Today, the “system” and “environment” concepts influence how people speak about and question what is included or excluded from worlds that matter: social, political, ecological. People speak of joining systems and beating them; people love environments and fight over them. Spaceflight elaborates and extends these concepts more intensively than most other types of social practice. I did fieldwork for my book in sites where living systems are being experimented on, artificial environments are being built, and far-off unEarthly environments are being connected to U.S. institutions through modes of occupation and remote sensing.

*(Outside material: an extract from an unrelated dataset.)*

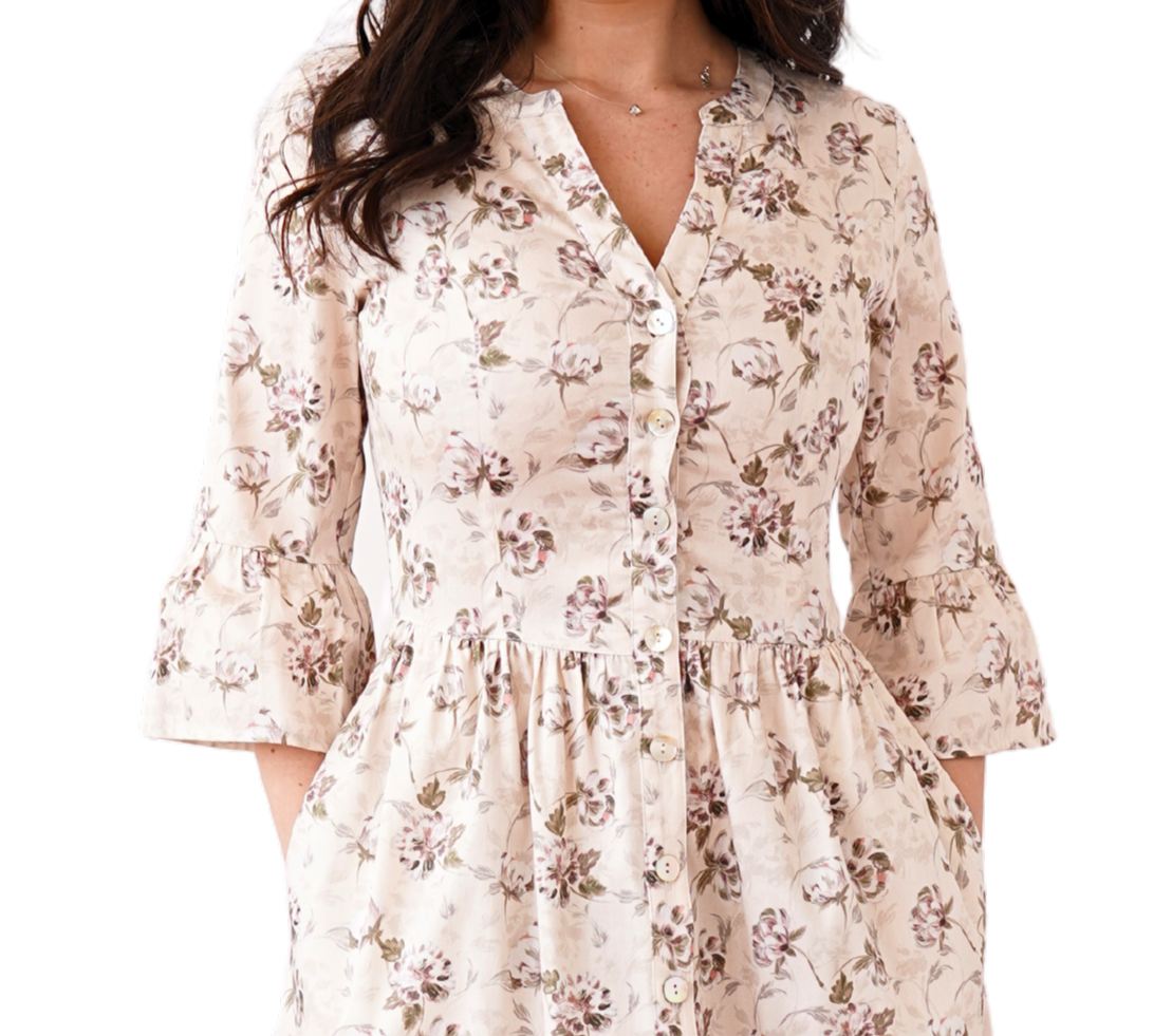 Descoperă frumusețea naturală a acestei rochii din bumbac 100%, cu un imprimeu floral discret în nuanțe de crem și maro. Perfectă pentru zilele însorite, această rochie îmbină eleganța simplă cu un confort excepțional, fiind ideală pentru plimbări, birou sau întâlniri casual.
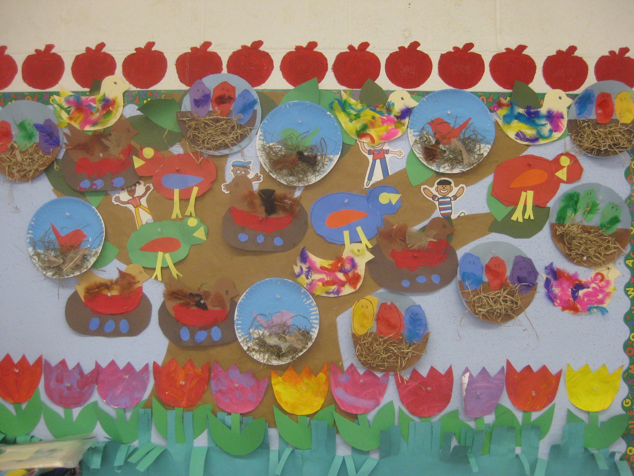 The tree on our bulletin board is filled with all kinds of birds and nests. Some of these projects required the children to use scissors, and they worked very hard to cut the shapes.

The book is therefore grounded in the anthropological understanding that social groups have different ideas about how things are connected. Such ideas can be extremely powerful but can also be completely taken for granted. People may not question how such concepts are cultivated or how they shape the worlds they live in. As an anthropologist, I have been pursuing this question: What are some basic concepts of relatedness that motivate thought, action, and power?
As a result, the chapters of the book engage a few key questions: What can spaceflight practices and social activities teach us about these basic relational ideas that inform diverse U.S. political perspectives, technical practices, and imaginations of futures? Or about how experts control what counts as “in” or “out” of relation? Or about how modern cosmologies get produced? I attempt to answer these questions by taking the U.S. relationships with the solar system as its object of study.